11. To infix this important point the more deeply in your mind, consider another comparison : Suppose the ocean to be so enlarged, as to include all the space between the earth and the starry heavens. Suppose a drop of this water to be annihilated once in a thousand years ; yet that whole space of duration, wherein this ocean would be annihilating, at the rate of one drop in a thousand years, would be infinitely less, in proportion to eternity, than one drop of water to that whole ocean.

Look then at those immortal spirits, whether they are in this or the other world. When they shall have lived thousands of thousands of years, yea, millions of millions of ages, their duration will be but just begun: they will be only upon the threshold of eternity!

12. But besides this division of eternity into that which is past, and that which is to come, there is another division of eternity, which is of unspeakable importance: that which is to come, as it relates to immortal spirits, is either a happy or a miserable eternity.

13. See the spirits of the righteous that are already praising God in a happy eternity! We are ready to say, How short will it appear to those who drink of the rivers of pleasure at God's right hand ? We are ready to cry out,

" A day without night

They dwell in his sight,

And eternity seems as a day!" But this is only speaking after the manner of men: for the measures of long and short are only applicable to time, which admits of bounds, and not to unbounded duration. This rolls on, (according to our low conceptions) with unutterable, inconceivable swiftness; if one would not rather say, it does not roll or move at all, but is one still, immovable ocean.

For the inhabitants of heaven “rest not day and night,” but continually cry, "Holy, holy, holy, is the Lord, the God, the Almighty, who was, and who is, and who is to come!” And when millions of millions of ages are elapsed, their eternity is but just begun.

14. On the other hand, in what condition are those immortal spirits who have made choice of a miserable eternity? I say, made choice; for it is impossible this should be the lot of any creature, but by his own act and deed. The day is coming when every soul will be constrained to acknowledge, in the sight of men and angels,

2 No dire decree of thine did seal,

Or fix the unalterable doom ;
Consign my unborn soul to hell,

Or damn me from my mother's womb." In what condition will such a spirit be after the sentence is executed; “ Depart, ye cursed, into everlasting fire, prepared for the devil and his angels ?” Suppose him to be just now plunged into "the lake of fire burning with brimstone," where “they have no rest, day or night, but the smoke of their torment ascendeth up for ever and ever." Why, if we were only to be chained down one day, yea, one hour, in a lake of fire, how amazingly long would one day or one hour appear!
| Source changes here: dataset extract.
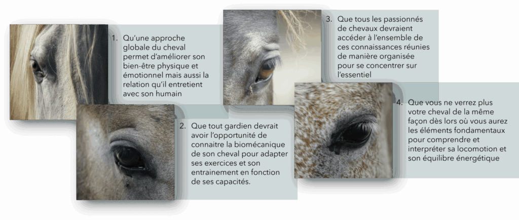 Créer une relation harmonieuse, complice et comprise avec son cheval est un travail de tous les instants qui se construit dans le temps. Il ne suffit pas de connaitre tous les codes de la communication éthologique ni toutes les ficelles de la haute école de dressage pour que votre cheval devienne le compagnon idéal capable de réaliser tous vos souhaits. Le cheval est un être vivant doté d’une personnalité, qui a des émotions, une génétique qui lui est propre, une conformation, des envies, des besoins, dont l’environnement, la nourriture, les hormones, la morphologie, les carences, le stress, l’entrainement,…vont avoir un impact sur son bien-être qu’il soit physique ou psychique ou psychologique et donc avoir des conséquences sur sa locomotion, ses aplombs, ses humeurs, sa santé,…

I know not if it would not seem as a thousand years. But (astonishing thought!) after thousands of thousands, he has but just tasted of his bitter cup! After millions of millions, it will be no nearer the end than it was the moment it began !
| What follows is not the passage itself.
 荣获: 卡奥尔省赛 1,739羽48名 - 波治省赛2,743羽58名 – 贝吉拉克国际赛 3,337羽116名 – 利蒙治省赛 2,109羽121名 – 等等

15. What then is he, how foolish, how mad, in how unutterable a degree of distraction, who, seeming to have the understanding of a man, deliberately prefers temporal things to eternal? Who (allowing that absurd, impossible supposition, that wickedness is happiness,-a supposition utterly contrary to all reason, as well as to matter of fact) prefers the happiness of a year, say a thousand years, to the happiness of eternity, in comparison of which, a thousand ages are infinitely less than a year, a day, a moment ? Especially when we take this into the consideration, (which indeed should never be forgotten,) that the refusing a happy eternity, implies the choosing of a miserable eternity: for there is not, cannot be, any medium between everlasting joy and everlasting pain. It is a vain thought which some have entertained, that death will put an end to the soul as well as the body: it will put an end to neither the one nor the other; it will only alter the manner of their existence. But when the body" returns to the dust as it was, the spirit will return to God that gave it.” Therefore, at the moment of death, it must be unspeakably happy, or unspeakably miserable : and that misery will never end.

“ Never! Where sinks the soul at that dread sound?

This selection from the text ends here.